JAKARTA, vozpublica.id - Kondisi makro ekonomi Indonesia di semester II 2024 diprediksi melandai, meski Bank Indonesia (BI) telah menurunkan suku bunga acuan atau BI rate sebesar 25 basis poin (bps) menjadi 6 persen pada 18 September 2024 lalu. Bahkan, diperkirakan BI memmpunyai ruang untuk menurunkan suku bunga acuan sebesar 25 basis poin hingga 50 bps sampai dengan akhir tahun ini.
Ekonom sekaligus Direktur Eksekutif Segara Research Institute, Piter Abdullah menilai, pemangkasan BI rate menjadi 6 persen tidak serta merta mendorong ekonomi agar tumbuh di paruh kedua tahun ini.

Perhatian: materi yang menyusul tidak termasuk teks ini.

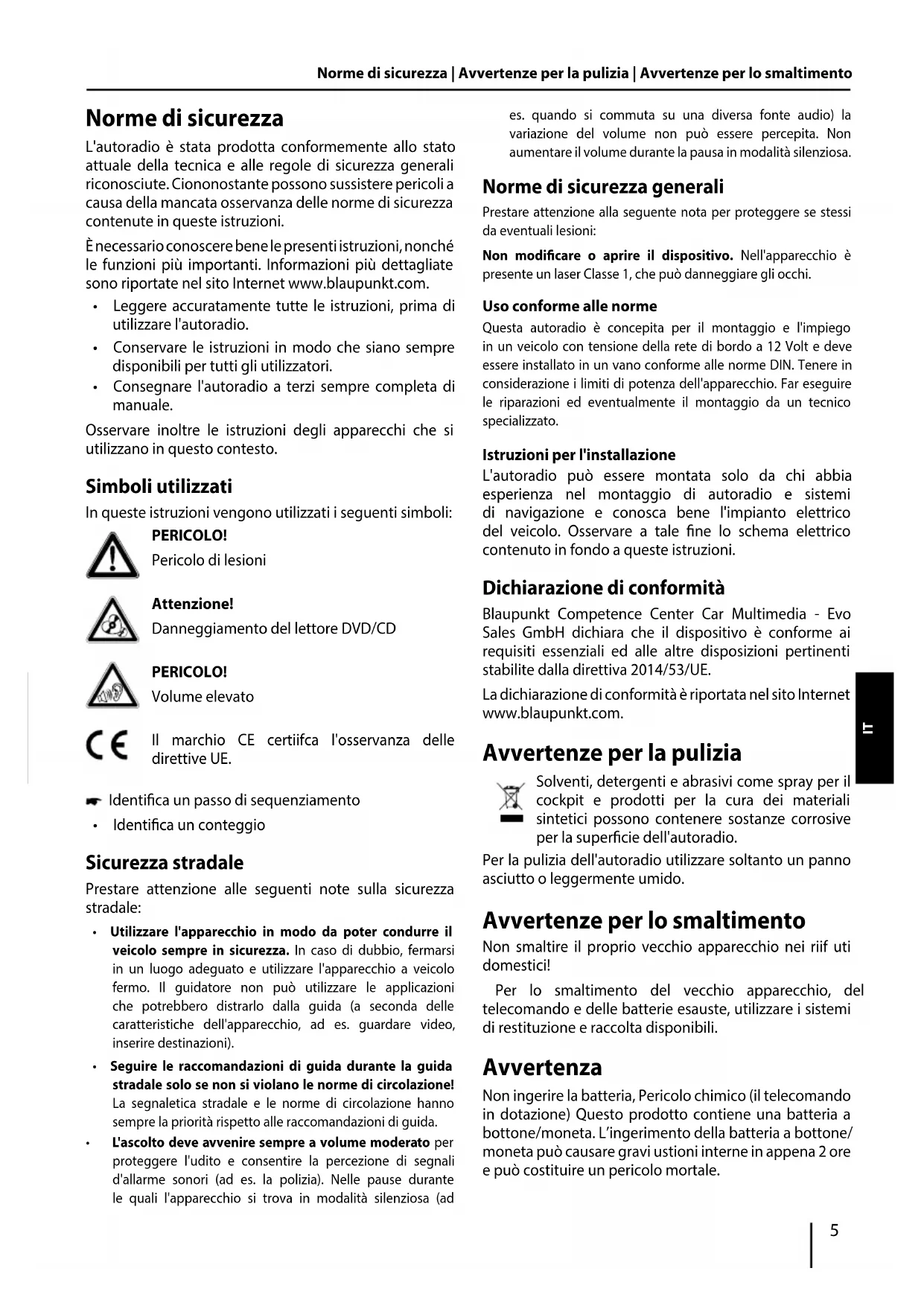 - L'ascolto deve avvenire sempre a volume moderato per proteggere l'udito e consentire la percezione di segnali d'allarme sonori (ad es. la polizia). Nelle pause durante le quali l'apparecchio si trova in modalità silenziosa (ad es. quando si commuta su una diversa fonte audio) la variazione del volume non può essere percepita. Non aumentare il volume durante la pausa in modalità silenziosa. Norme di sicurezza generali Prestare attenzione alla seguente nota per proteggere se stessi da eventuali lesioni:Non modicare o aprire il dispositivo. Nell'apparecchio è presente un laser Classe 1, che può danneggiare gli occhi. Uso conforme alle norme Questa autoradio è concepita per il montaggio e l'impiego in un veicolo con tensione della rete di bordo a 12 Volt e deve essere installato in un vano conforme alle norme DIN. Tenere in considerazione i limiti di potenza dell'apparecchio. Far eseguire le riparazioni ed eventualmente il montaggio da un tecnico specializzato. Istruzioni per l'installazione L'autoradio può essere montata solo da chi abbia esperienza nel montaggio di autoradio e sistemi di navigazione e conosca bene l'impianto elettrico del veicolo. Osservare a tale ne lo schema elettrico contenuto in fondo a queste istruzioni. Dichiarazione di conformità Blaupunkt Competence Center Car Multimedia - Evo Sales GmbH dichiara che il dispositivo è conforme ai requisiti essenziali ed alle altre disposizioni pertinenti stabilite dalla direttiva 2014/53/UE. La dichiarazione di conformità è riportata nel sito Internet www.blaupunkt.com. Avvertenze per la pulizia Solventi, detergenti e abrasivi come spray per il cockpit e prodotti per la cura dei materiali sintetici possono contenere sostanze corrosive per la supercie dell'autoradio. Per la pulizia dell'autoradio utilizzare soltanto un panno asciutto o leggermente umido. Avvertenze per lo smaltimento Non smaltire il proprio vecchio apparecchio nei riif uti domestici! Per lo smaltimento del vecchio apparecchio, del telecomando e delle batterie esauste, utilizzare i sistemi di restituzione e raccolta disponibili. Avvertenza Non ingerire la batteria, Pericolo chimico (il telecomando in dotazione) Questo prodotto contiene una batteria a bottone/moneta. L’ingerimento della batteria a bottone/ moneta può causare gravi ustioni interne in appena 2 ore e può costituire un pericolo mortale. IT6 Tenere le batterie nuove e usate fuori dalla portata dei bambini. Se il vano batterie non si chiude in modo sicuro, non utilizzare più il prodotto e tenerlo fuori dalla portata dei bambini. Se si teme che le batterie siano state ingerite o siano penetrate all'interno del corpo, consultare immediatamente un medico. Contenuto della confezione La confezione contiene:

Dalam kebijakan moneter, Piter menyebut, ada dua kebijakan yang diambil Bank Indonesia untuk mengatur stabilitas likuiditas. Selain menurunkan suku bunga, kebijakan lain adalah penerbitan instrumen operasi moneter kontraksi, yakni Sekuritas Rupiah Bank Indonesia (SRBI).
Adapun SRBI merupakan instrumen pro market untuk memperkuat pendalaman pasar uang, upaya menarik aliran masuk modal asing dalam bentuk investasi portofolio, serta optimalisasi aset SBN.
“Suku bunga uda turun, dari 6,25 persen jadi 6 persen ya, tapi suku bunga itu bukan satu-satunya instrumennya BI dalam mengatur likuiditas Indonesia,” ujar Piter dalam sesi diskusi publik di Jakarta, Rabu (25/9/2024).
“BI punya dua instrumen utama yang sekarang ini digunakan oleh BI untuk mengatur likuiditas dalam rangka menjamin stabilitas. Pertama, suku bunga, suku bunga dinaikkan, tetapi disisi lain Bank Indonesia itu juga yang seperti saya jelaskan sebelumnya melakukan operasi moneter yang menyerap likuiditas,” tuturnya
Sejak diterbitkan pada 17 September 2024, penerbitan SRBI telah mencapai Rp918,42 triliun. Piter memandang, hal yang menjadi persoalan saat ini adalah likuiditas negara masih ‘kering’ alias menipis.